Classe 11: Appareils et installations d’éclairage; lampes; luminaires; ampoules d’éclairage et de lampes et tubes fluorescents; feux, lampes, ampoules et installations d’éclairage pour véhicules à moteur; éclairage et réflecteurs d’éclairage pour véhicules; Torches; lampes frontales; systèmes de chauffage, de ventilation et de climatisation de véhicules; pièces et parties constitutives des produits précités.
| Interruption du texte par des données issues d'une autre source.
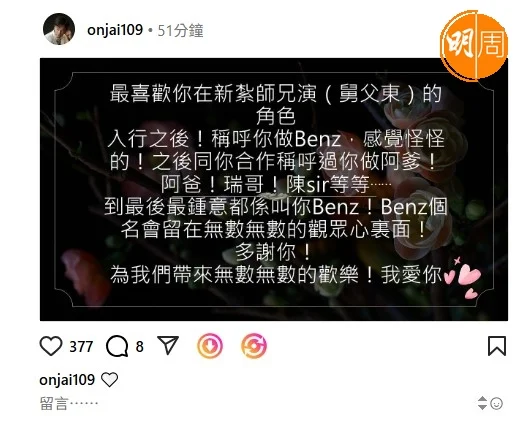 陳敏之:「Dear老竇,沒有想過…昨天在醫院是見你的最後一面。人生無常,由《覆雨翻雲》開始,我已經叫你做老竇,實在有太多回憶,你在天家再冇病痛,記住我約咗你,之後一齊食大餐。老竇RIP!」麥長青:「從『舅父東』、『大隻講』開始喜歡你,到訓練班出來同你拍第一套劇《兵權》而認識你,謝謝你用另類方法教我演戲,更謝謝你放飯時邀我一起帶着頭套坐上你的『Benz』去九龍城食飯,令一個新人沒有陌生感和孤立感…,到後來多次同你合作,你是一位好前輩、好師兄、好同事、好朋友,很想學習你的幽默感、搞笑和做人態度,當然還有你的演技,永遠記得你看似『行貨』但非常真誠的笑容…『老Ben』一路走好!永遠懷念你!」譚耀文:「Benz!你知道嗎,你嘅機靈、活潑是多麽令人妒忌與羡慕~好享受和你對戲,因為你總是做到有玄(弦)外之音,令人細味。 好爸爸,你雖然走了,但你要知道,有很多很多會繼續愛錫你,惦念你的!一路走好🙏🙏🙏」。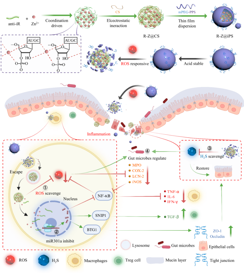 图1 基于anti-miR-301a和锌配位的口服ROS响应纳米递药平台调控炎症肠道微环境示意图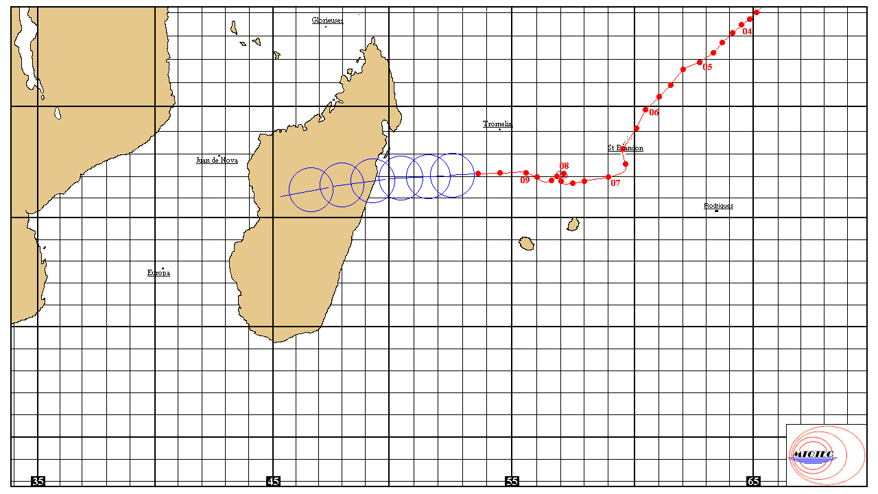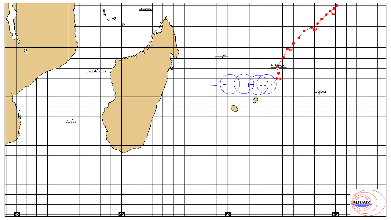 – Position (09h UTC) : 19,6° Sud – 49,6° Est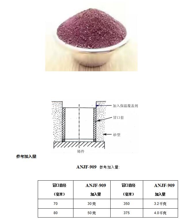 ANJF-909 發(fā)熱保溫覆蓋劑施加于明冒口頂部之后,能形成低密度絕熱層,防止或在很大程度上減低了熱輻射、熱傳導和熱對流作用,也避免了冒口頂部過早結殼。如果配合優(yōu)質冒口使用,冒口解剖后縮孔呈平鍋底狀。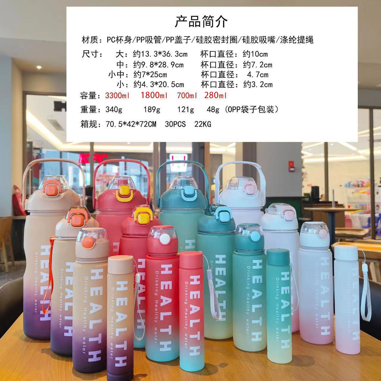 超大容量四件套户外运动吸管水杯情侣母子便携太空杯塑料大水壶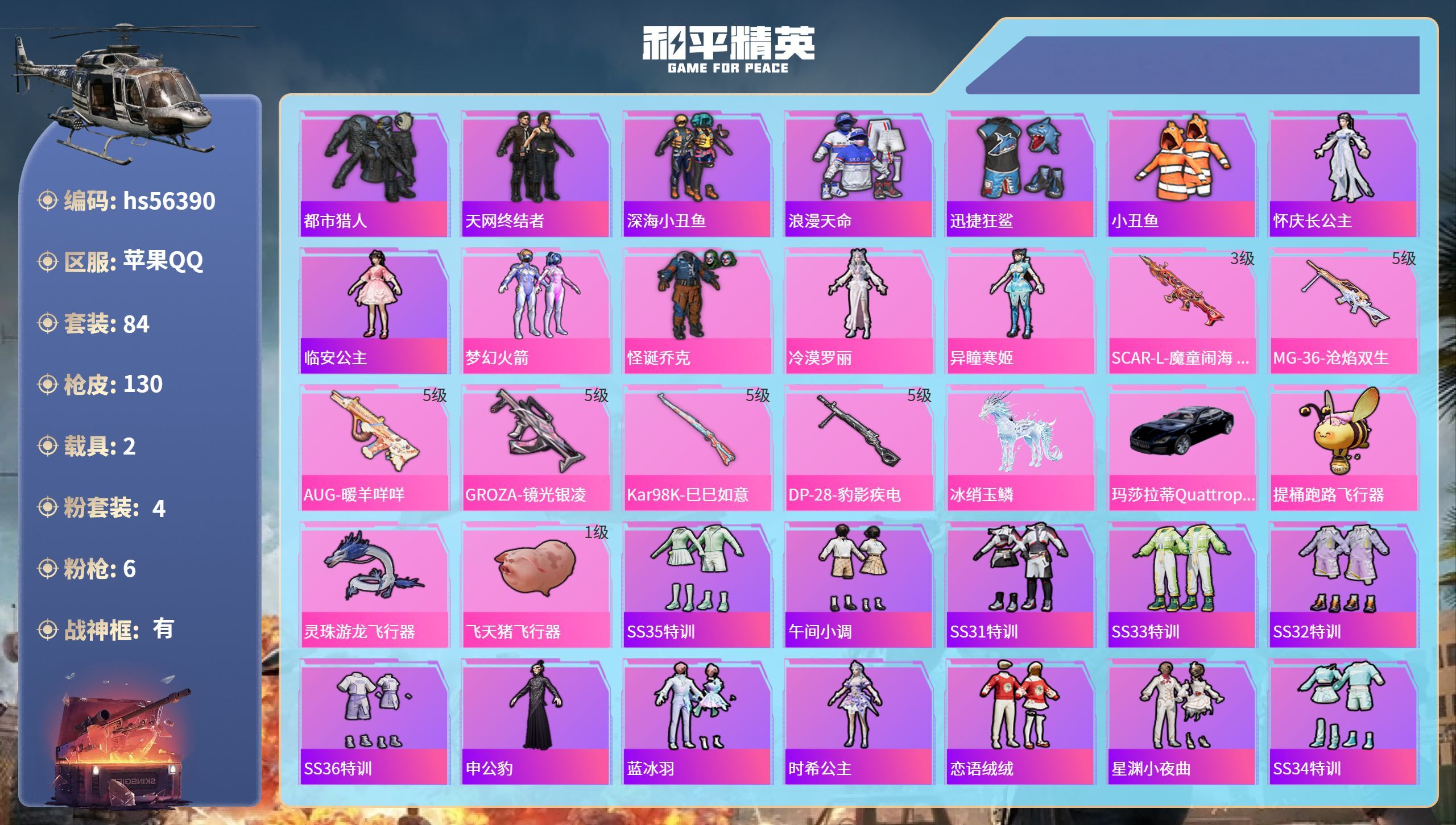 hs56390 苹果手Q-7王牌印记-有战神框-4粉装-6特效枪-2载具-40247热力值-84套装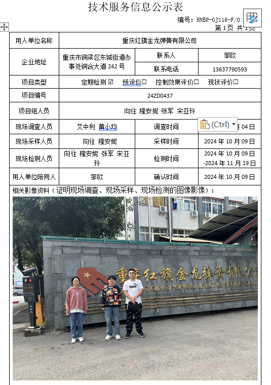 重慶紅旗金龍彈簧有限公司定期檢測(cè)項(xiàng)目公示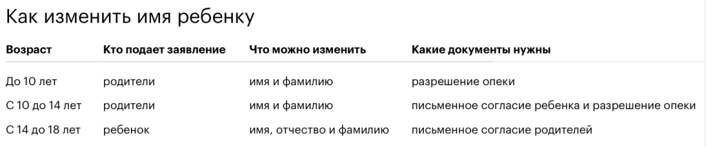 Если ребенку не нравится его имя, он может поменять его с согласия родителей, однако до 14-летия обязательно потребуется разрешение органа опеки, которое должны получить родители ребенка. Если мать хочет изменить ребенку имя, а отец против этого, то орган опеки не даст такого разрешения. Но есть случаи, когда мнение второго родителя можно не учитывать: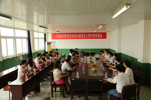 7月10日上午,外国语学院会议室人才济济,汇聚一堂,气氛热烈。英语专业86级校友20余人从全国各地重聚母校,共叙师生及同窗情谊。淮南师范学院院长曹杰旺,爱体育平台副校长、党委组织部部长黄远友,化学与材料工程学院党总支书记王明清,外国语学院全体党政领导以及部分教师代表参加座谈会,座谈会由王明清主持。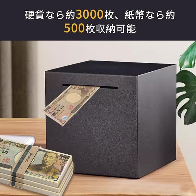 3、[大容量、紙幣を入れるのに折りたたむ必要がない]本製品は約3000枚の硬貨と500枚の紙幣を入れることができます。

Classe 12: Pièces et parties constitutives de véhicules à moteur, caravanes et remorques; sièges chauffés pour voitures; appareils de remorquage pour véhicules à moteur; appareils de sécurité pour véhicules à moteur et caravanes; alarmes pour véhicules à moteur et caravanes; lames d’essuie-glace; pompes pour gonfler les pneus de véhicules; jauges de pression et de pointure des pneus de véhicules; appareils pour la réparation des pneus; tapis profilés pour véhicules; barres, pôles et crochets de remorquage de véhicules; jantes de roues; pièces et parties constitutives des produits précités.
Classe 37: Entretien et réparation de véhicules à moteur et leurs pièces et parties constitutives; réparation et entretien d’appareils et d’équipements électriques pour véhicules à moteur; services de conversion de véhicules; entretien et installation de matériel informatique pour véhicules commerciaux et adaptés; services d’information, de conseils et d’assistance dans les domaines précités.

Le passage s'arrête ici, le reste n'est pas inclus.